> [Source data]:
╭──

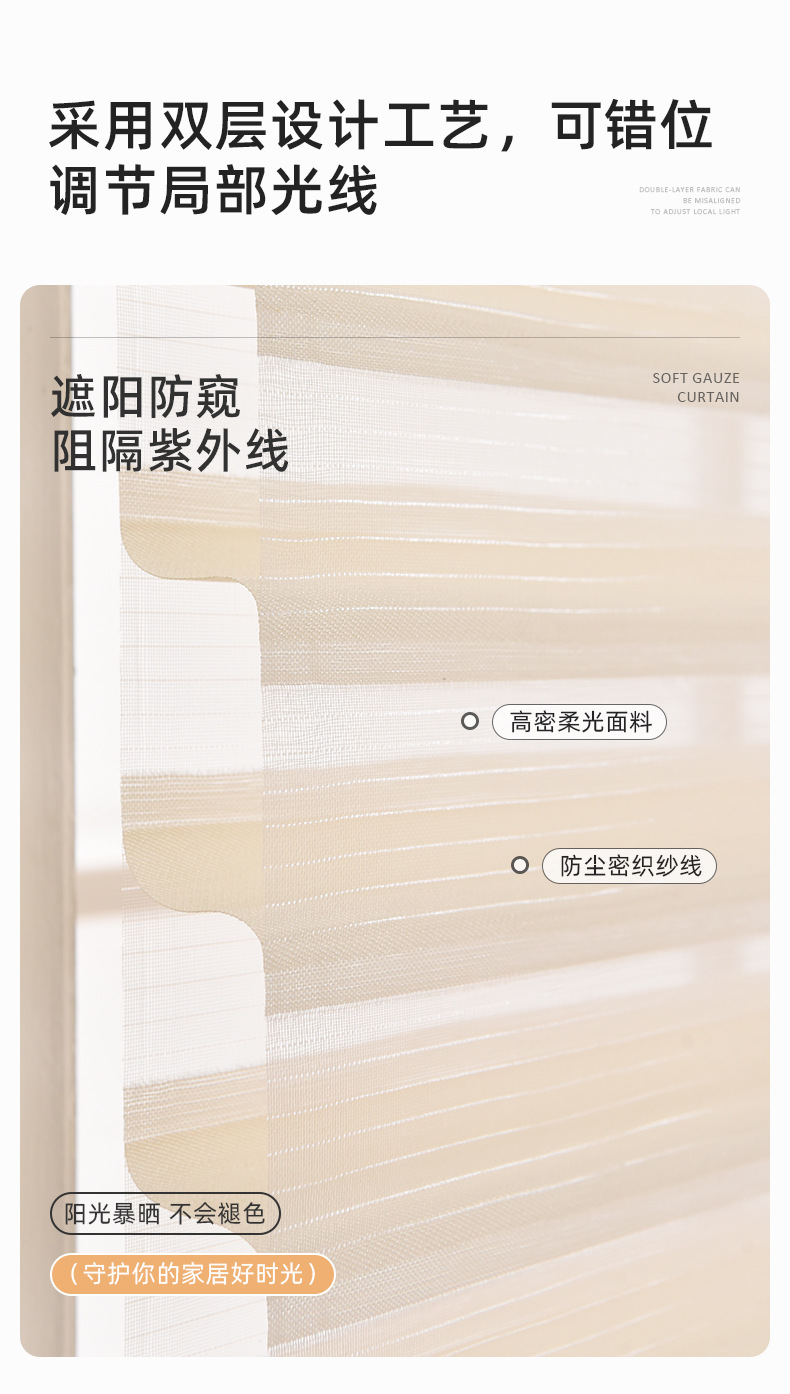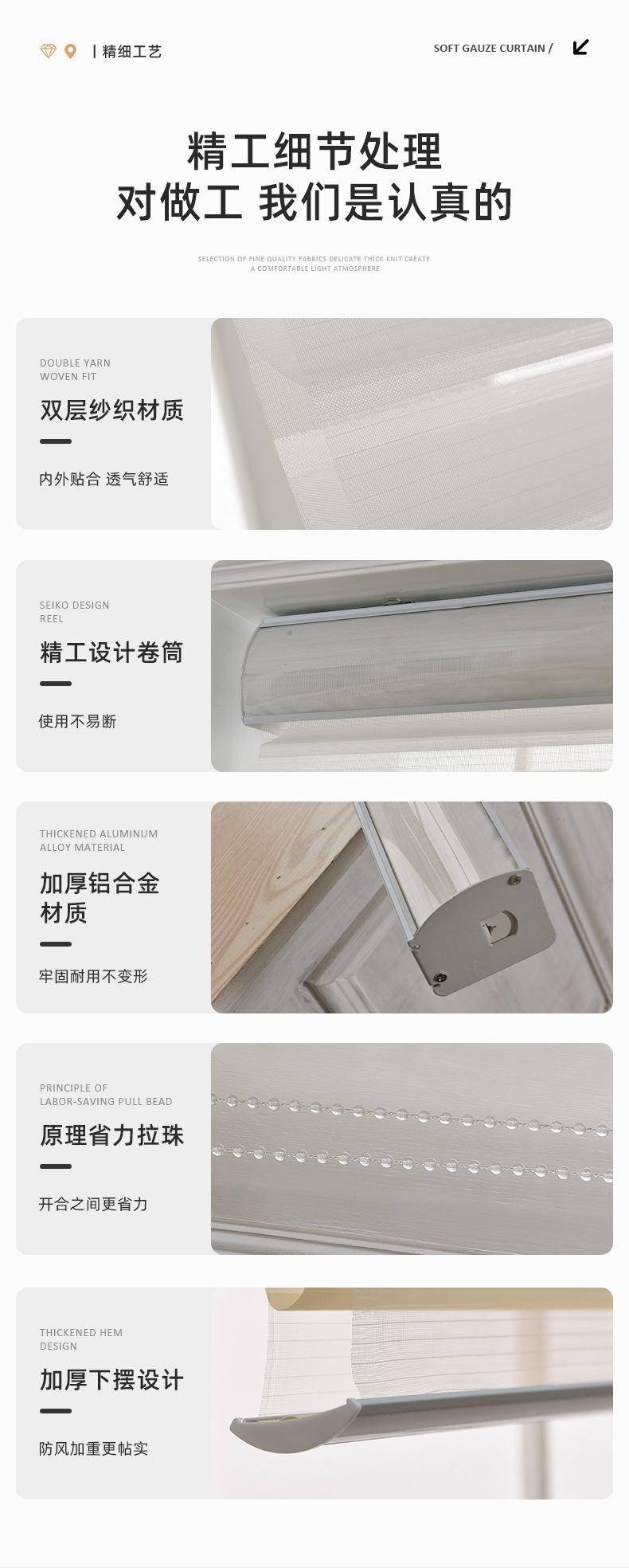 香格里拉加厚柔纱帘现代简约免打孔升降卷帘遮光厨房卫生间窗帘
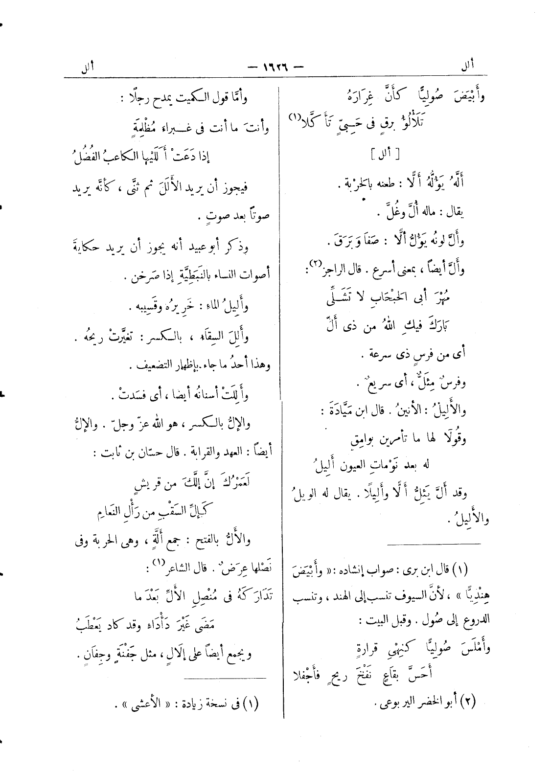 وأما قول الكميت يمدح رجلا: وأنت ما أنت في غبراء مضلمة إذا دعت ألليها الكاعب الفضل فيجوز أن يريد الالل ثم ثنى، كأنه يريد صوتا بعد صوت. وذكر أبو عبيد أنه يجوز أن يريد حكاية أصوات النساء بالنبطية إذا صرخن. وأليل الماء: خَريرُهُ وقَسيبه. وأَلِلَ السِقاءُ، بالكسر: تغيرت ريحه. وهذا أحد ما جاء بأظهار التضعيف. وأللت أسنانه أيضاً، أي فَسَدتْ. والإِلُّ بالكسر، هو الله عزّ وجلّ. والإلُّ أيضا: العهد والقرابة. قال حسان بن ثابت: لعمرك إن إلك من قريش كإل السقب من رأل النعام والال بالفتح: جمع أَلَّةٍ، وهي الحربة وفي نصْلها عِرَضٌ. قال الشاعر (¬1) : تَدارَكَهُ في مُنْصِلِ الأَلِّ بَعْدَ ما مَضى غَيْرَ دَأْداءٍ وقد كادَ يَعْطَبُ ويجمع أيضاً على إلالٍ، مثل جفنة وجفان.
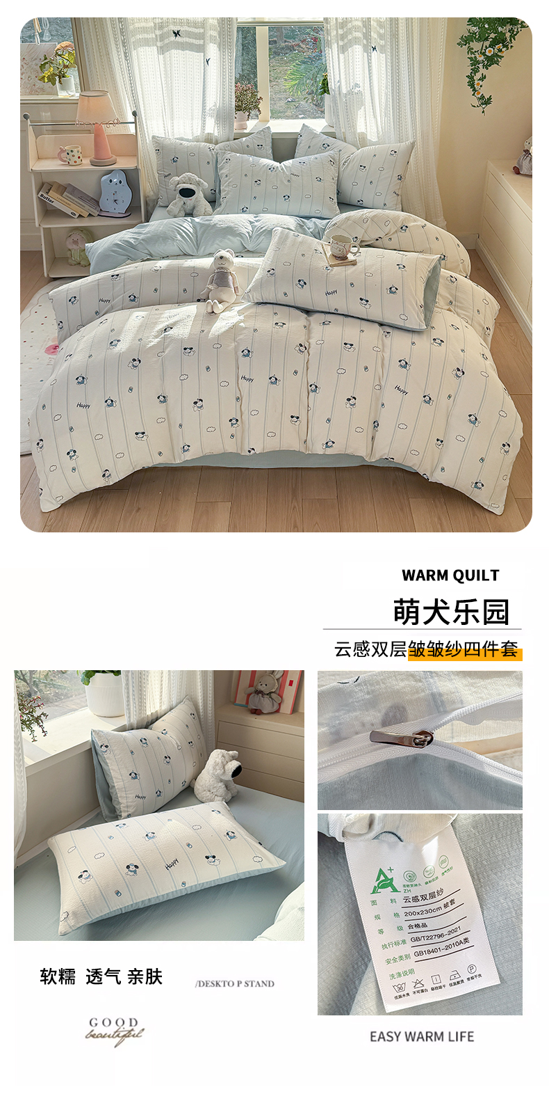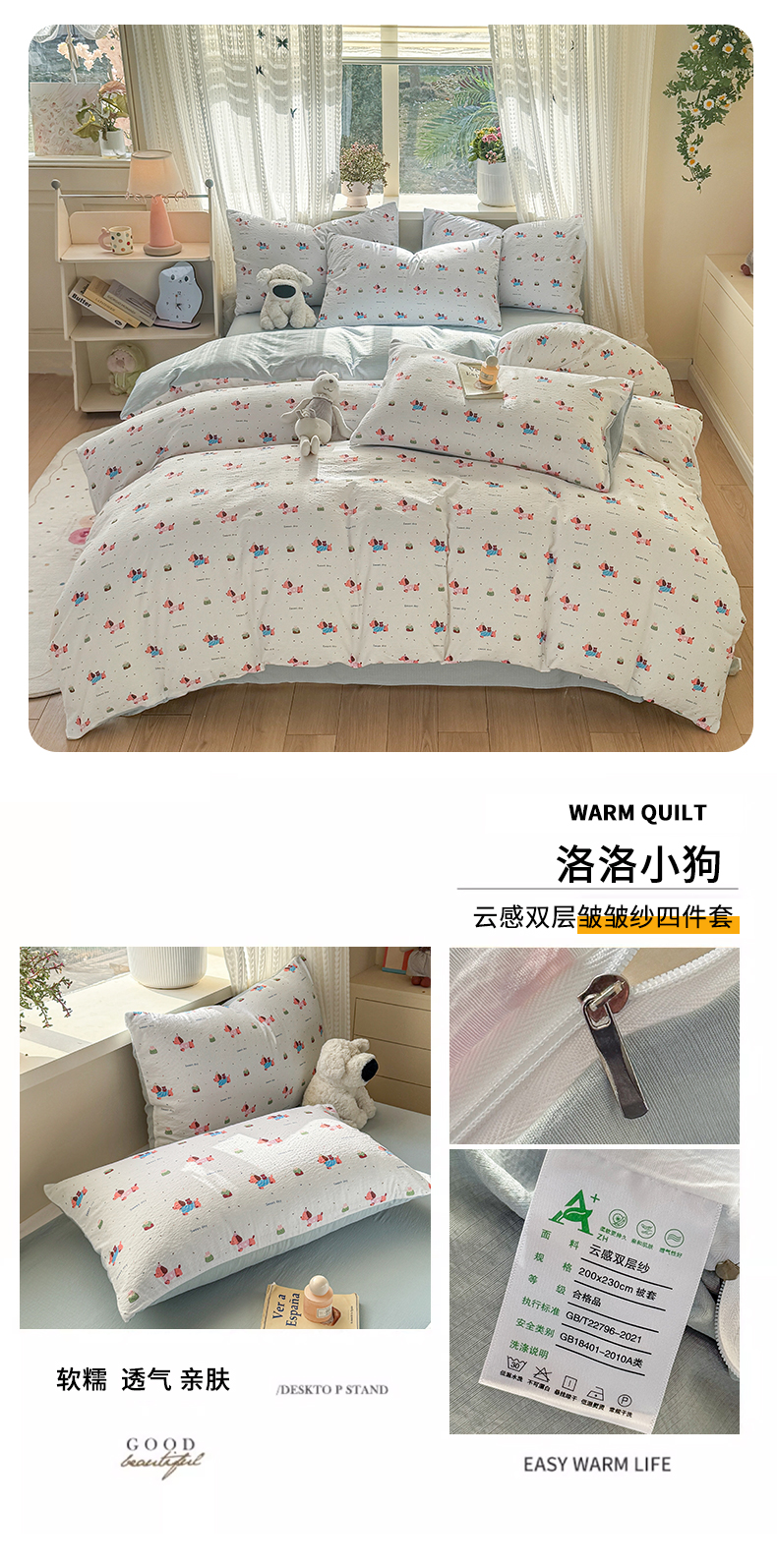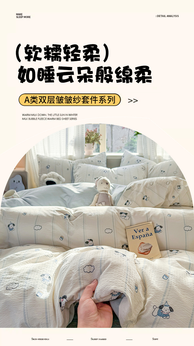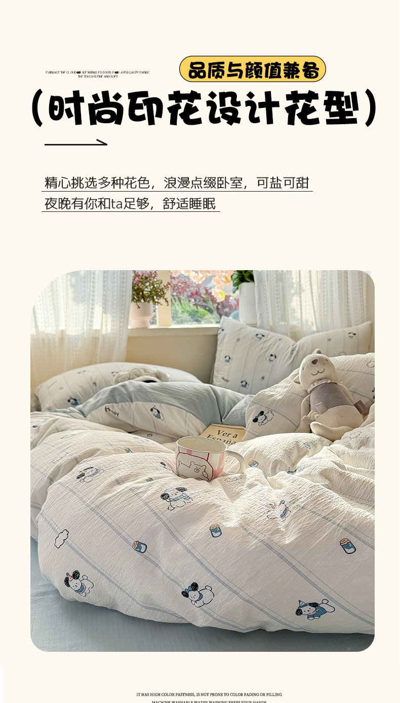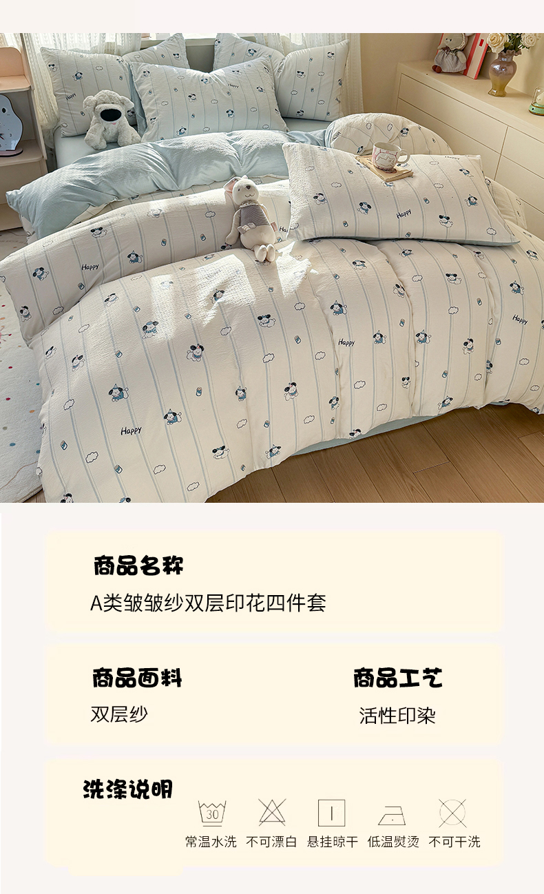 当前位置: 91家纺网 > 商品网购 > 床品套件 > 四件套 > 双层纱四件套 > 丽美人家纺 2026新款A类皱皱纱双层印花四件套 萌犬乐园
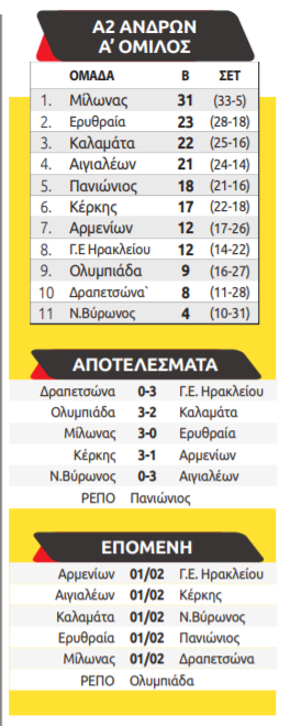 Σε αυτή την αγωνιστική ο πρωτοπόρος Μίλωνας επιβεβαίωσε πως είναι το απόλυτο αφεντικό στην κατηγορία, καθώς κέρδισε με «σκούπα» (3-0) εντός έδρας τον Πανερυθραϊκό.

╰──

Restate all of the data word for word and include no pictures.

> [Written response]:
 香格里拉加厚柔纱帘现代简约免打孔升降卷帘遮光厨房卫生间窗帘
 وأما قول الكميت يمدح رجلا: وأنت ما أنت في غبراء مضلمة إذا دعت ألليها الكاعب الفضل فيجوز أن يريد الالل ثم ثنى، كأنه يريد صوتا بعد صوت. وذكر أبو عبيد أنه يجوز أن يريد حكاية أصوات النساء بالنبطية إذا صرخن. وأليل الماء: خَريرُهُ وقَسيبه. وأَلِلَ السِقاءُ، بالكسر: تغيرت ريحه. وهذا أحد ما جاء بأظهار التضعيف. وأللت أسنانه أيضاً، أي فَسَدتْ. والإِلُّ بالكسر، هو الله عزّ وجلّ. والإلُّ أيضا: العهد والقرابة. قال حسان بن ثابت: لعمرك إن إلك من قريش كإل السقب من رأل النعام والال بالفتح: جمع أَلَّةٍ، وهي الحربة وفي نصْلها عِرَضٌ. قال الشاعر (¬1) : تَدارَكَهُ في مُنْصِلِ الأَلِّ بَعْدَ ما مَضى غَيْرَ دَأْداءٍ وقد كادَ يَعْطَبُ ويجمع أيضاً على إلالٍ، مثل جفنة وجفان.
 当前位置: 91家纺网 > 商品网购 > 床品套件 > 四件套 > 双层纱四件套 > 丽美人家纺 2026新款A类皱皱纱双层印花四件套 萌犬乐园
 Σε αυτή την αγωνιστική ο πρωτοπόρος Μίλωνας επιβεβαίωσε πως είναι το απόλυτο αφεντικό στην κατηγορία, καθώς κέρδισε με «σκούπα» (3-0) εντός έδρας τον Πανερυθραϊκό.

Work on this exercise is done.